CSCI1730 - Project 1 - Matrix Class - Solved

Problem / Exercise
Your goal for this project is to create an easy-to-use Matrix class in C++ that makes use of dynamic memory allocation and includes basic matrix operations both in the form of regular functions. Certain aspects of this project might be taught concurrently with the project. Other aspects of this project may not be covered in lecture. You are encouraged to use the DEITEL text and cppreference.com   as references. Also, please ask questions via Piazza. Specifically, the following chapters from the textbook may be useful for this project:

•    DEITEL 3.1–37 (pp. 73–102)

•    DEITEL 8.1–812 (pp. 339–384)

•    DEITEL 9.1–9.16 (pp. 385–433)

•    DEITEL 10.9 (pp. 466–468)

Here is the basic prototype for the Matrix class (you may need to add more to it to support some of the additional features listed further down in this document):

typedef unsigned int uint; class Matrix { public:

Matrix(uint rows, uint cols);
// constructor (all elements initialized to 0)
Matrix(const Matrix & m);
// copy constructor
~Matrix();
// destructor
Matrix add(double s) const;
// add scalar to this matrix
Matrix add(const Matrix & m) const;
// add this matrix and another matrix
Matrix subtract(double s) const;
// subtract scalar from this matrix
Matrix subtract(const Matrix & m) const;
// subtract another matrix from this matrix
Matrix multiply(double s) const;
// multiply this matrix by a scaler
Matrix multiply(const Matrix & m) const;
// multiply this matrix by another matrix
Matrix divide(double s) const;
// divide this matrix by a scalar
Matrix t() const;
// transpose of this matrix
const uint numRows() const;
// returns the number of rows
const uint numCols() const;
// returns the number of cols
double & at(uint row, uint col);
// get/set element at row,col
const double & at (uint row, uint col) const; // get element at row,col (when using a const object)

}; // Matrix

Important Class Details
Your Matrix implementation will contain elements of type double. In the prototype presented above, the term scalar refers to a regular number. For example, if you add a scalar to a matrix, then each element in the matrix gets that number added to it. Contrast this with the member functions that take a Matrix as their parameter. These functions represent regular matrix operations. For some of these operations (e.g., multiplication, transpose, etc.), you may need to consult some sort of reference in order to recall/learn the exact procedure/meaning behind the operation.

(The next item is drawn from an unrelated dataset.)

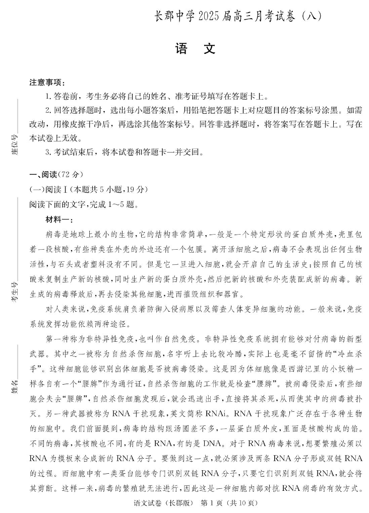 湖南省长郡中学2025届高三月考试卷(八)语文.pdf

NOTE: You MAY assume valid input for all operations.

NOTE: You MAY NOT use library classes such as std::array, std::vector, std::list, etc. for this project. You must implement your Matrix class internally using a dynamically allocated array.

Example Usage 1
Matrix a(2, 2);

a.at(0, 0) = 1; // [ 1, 2 ]

a.at(0, 1) = 2; // [ 1, 3 ]

a.at(1, 0) = 1;

a.at(1, 1) = 3;

Matrix b(2, 1);

b.at(0, 0) = 3; // [ 3 ]

b.at(1, 0) = 2; // [ 2 ]

Matrix c = a.multiply(b);

cout << "[ " << c.at(0, 0) << " ]" << endl // [ 7 ] << "[ " << c.at(1, 0) << " ]" << endl; // [ 9 ]

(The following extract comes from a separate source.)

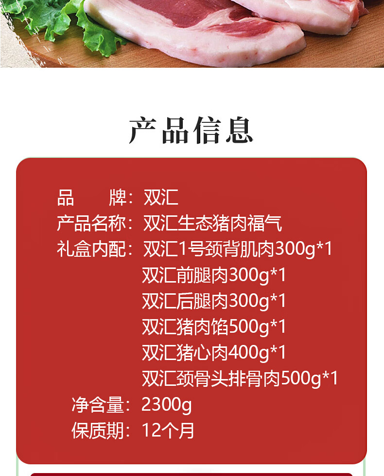 首页 >> 双汇 肉类土猪肉礼盒 双汇生态猪肉福气2300g

The usage of the member function at(uint, uint) is what facilities our ability to perform operations such as a.at(0, 0) = 1. If you implement this function carefully, then this behavior should work because the function returns a reference to an element.

1          C++ Code & Program
1.1     Setup
Make sure that all of your files are in a directory called LastName-FirstName-p1, where LastName and FirstName are replaced with your actual last and first names, respectively.

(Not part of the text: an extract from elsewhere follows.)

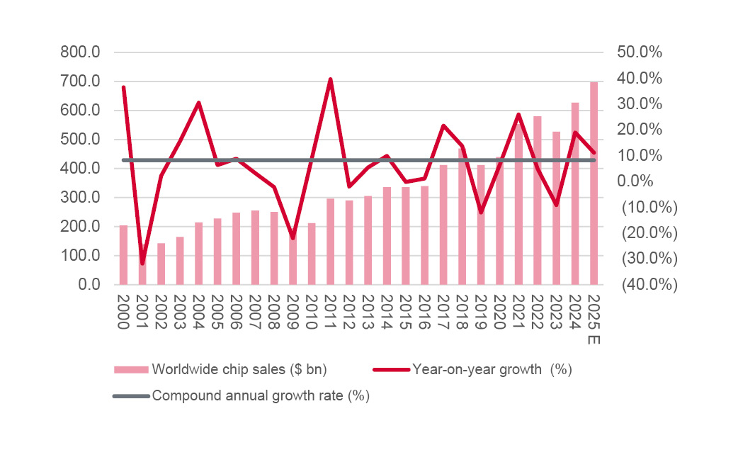 Global chip sales are expected to increase for the second year in a row in 2025
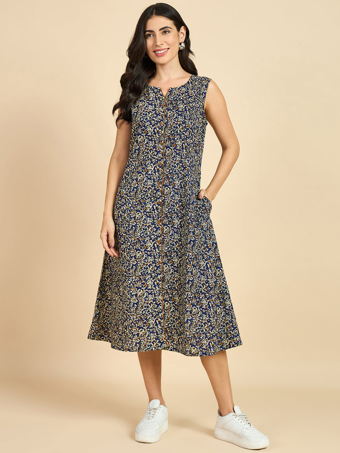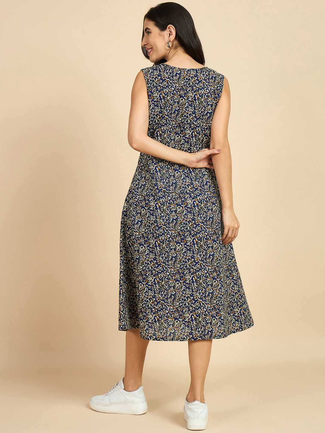 Women's Blue Cotton Floral Printed A Line Dress - Azira

1.2       Source Code Files
You should organize your project into the following files:

•    Matrix.h: This file should include the class prototype presented above. You MAY NOT modify the function prototypes that are included in the Matrix class prototype. However, you may add additional function prototypes and variables to the class prototype as needed. Make sure that this header file also contains an include guard (i.e., the #ifndef macro, etc.).

•    Matrix.cpp: This file should contain the implementation of your class’s functions.

•    p1.cpp: This file should contain a small/moderately sized driver that demonstrates the full range of functionality of your Matrix class.

Additionally, make sure that you adhere to the following:

•    All functions must be documented using Javadoc-style comments. Use inline documentation, as needed, to explain ambiguous or tricky parts of your code.

1.3 Makefile File
You need to include a makefile. Your makefile needs to compile and link separately. Make sure that your Matrix.cpp file compiles to Matrix.o. This is very important because we will be testing your submission by linking against your Matrix.o file. The resulting executable should be called p1. The first command in your makefile must perform the linking step which generates the executable. Please also define a “run” command that executes your program and a “clean” command that removes all the object files and the executable.

Make sure that when you compile, you pass the following options to g++:

-Wall -pedantic-errors

1.4 README File
Make sure to include a README file that includes the following information presented in a reasonably formatted way:

•    Your Name and UGA ID (811#)

•    Instructions on how to compile and run your program.

NOTE: Try to make sure that each line in your README file does not exceed 80 characters. Do not assume line-wrapping. Please manually insert a line break if a line exceeds 80 characters.

1.5      Compiler Warnings
Since you should be compiling with both the -Wall and pedantic-errors options, your code is expected to compile without g++ issuing any warnings. For this project, compiling without warnings will be one or more of the test cases.

1.6      Memory Leaks
Since this project makes use of dynamic memory allocation, you are expected to ensure that your Matrix implementation doesn’t result in any memory leaks. We will test for memory leaks using the valgrind utility. For this project, having no memory leaks will be one or more of the test cases.